__Data for processing__.
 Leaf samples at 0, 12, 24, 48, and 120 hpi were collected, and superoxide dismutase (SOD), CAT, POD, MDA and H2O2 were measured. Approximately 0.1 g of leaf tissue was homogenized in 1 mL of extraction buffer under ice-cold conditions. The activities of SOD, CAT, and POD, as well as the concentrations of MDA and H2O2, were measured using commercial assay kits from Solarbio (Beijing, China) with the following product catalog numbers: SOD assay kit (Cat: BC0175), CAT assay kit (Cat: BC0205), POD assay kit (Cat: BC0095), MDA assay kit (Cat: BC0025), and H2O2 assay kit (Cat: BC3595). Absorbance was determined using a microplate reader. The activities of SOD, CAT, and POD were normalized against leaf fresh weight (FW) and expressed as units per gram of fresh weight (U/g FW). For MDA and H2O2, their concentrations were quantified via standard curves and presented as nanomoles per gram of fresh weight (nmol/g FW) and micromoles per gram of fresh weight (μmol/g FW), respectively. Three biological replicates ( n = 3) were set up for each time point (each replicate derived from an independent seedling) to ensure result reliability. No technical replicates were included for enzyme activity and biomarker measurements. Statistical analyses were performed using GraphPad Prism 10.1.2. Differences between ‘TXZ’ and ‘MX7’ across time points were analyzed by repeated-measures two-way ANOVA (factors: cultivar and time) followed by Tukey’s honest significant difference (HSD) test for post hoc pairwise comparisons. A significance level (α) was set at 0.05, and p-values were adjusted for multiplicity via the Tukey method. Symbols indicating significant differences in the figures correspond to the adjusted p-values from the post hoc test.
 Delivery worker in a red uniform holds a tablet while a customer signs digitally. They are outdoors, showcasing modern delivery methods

==

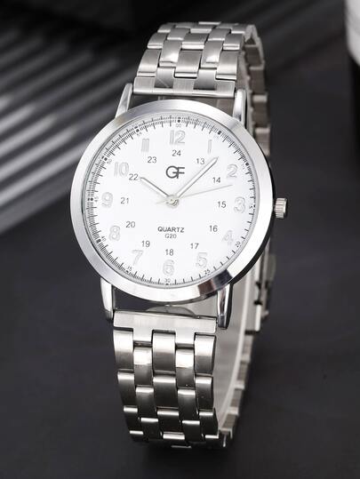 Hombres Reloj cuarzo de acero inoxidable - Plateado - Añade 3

==

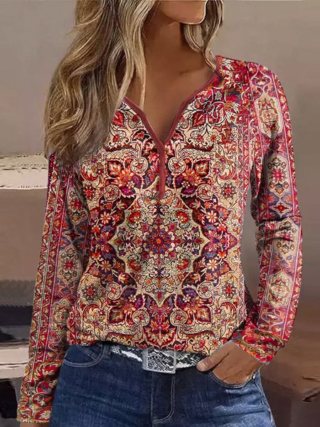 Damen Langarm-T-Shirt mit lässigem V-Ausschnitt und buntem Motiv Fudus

__Exercise description__. Look through the material above and print exactly the lines from the one containing "Leaf samples at" to the one containing "Delivery worker in", both included, and nothing more.

__Written solution__.
 Leaf samples at 0, 12, 24, 48, and 120 hpi were collected, and superoxide dismutase (SOD), CAT, POD, MDA and H2O2 were measured. Approximately 0.1 g of leaf tissue was homogenized in 1 mL of extraction buffer under ice-cold conditions. The activities of SOD, CAT, and POD, as well as the concentrations of MDA and H2O2, were measured using commercial assay kits from Solarbio (Beijing, China) with the following product catalog numbers: SOD assay kit (Cat: BC0175), CAT assay kit (Cat: BC0205), POD assay kit (Cat: BC0095), MDA assay kit (Cat: BC0025), and H2O2 assay kit (Cat: BC3595). Absorbance was determined using a microplate reader. The activities of SOD, CAT, and POD were normalized against leaf fresh weight (FW) and expressed as units per gram of fresh weight (U/g FW). For MDA and H2O2, their concentrations were quantified via standard curves and presented as nanomoles per gram of fresh weight (nmol/g FW) and micromoles per gram of fresh weight (μmol/g FW), respectively. Three biological replicates ( n = 3) were set up for each time point (each replicate derived from an independent seedling) to ensure result reliability. No technical replicates were included for enzyme activity and biomarker measurements. Statistical analyses were performed using GraphPad Prism 10.1.2. Differences between ‘TXZ’ and ‘MX7’ across time points were analyzed by repeated-measures two-way ANOVA (factors: cultivar and time) followed by Tukey’s honest significant difference (HSD) test for post hoc pairwise comparisons. A significance level (α) was set at 0.05, and p-values were adjusted for multiplicity via the Tukey method. Symbols indicating significant differences in the figures correspond to the adjusted p-values from the post hoc test.
 Delivery worker in a red uniform holds a tablet while a customer signs digitally. They are outdoors, showcasing modern delivery methods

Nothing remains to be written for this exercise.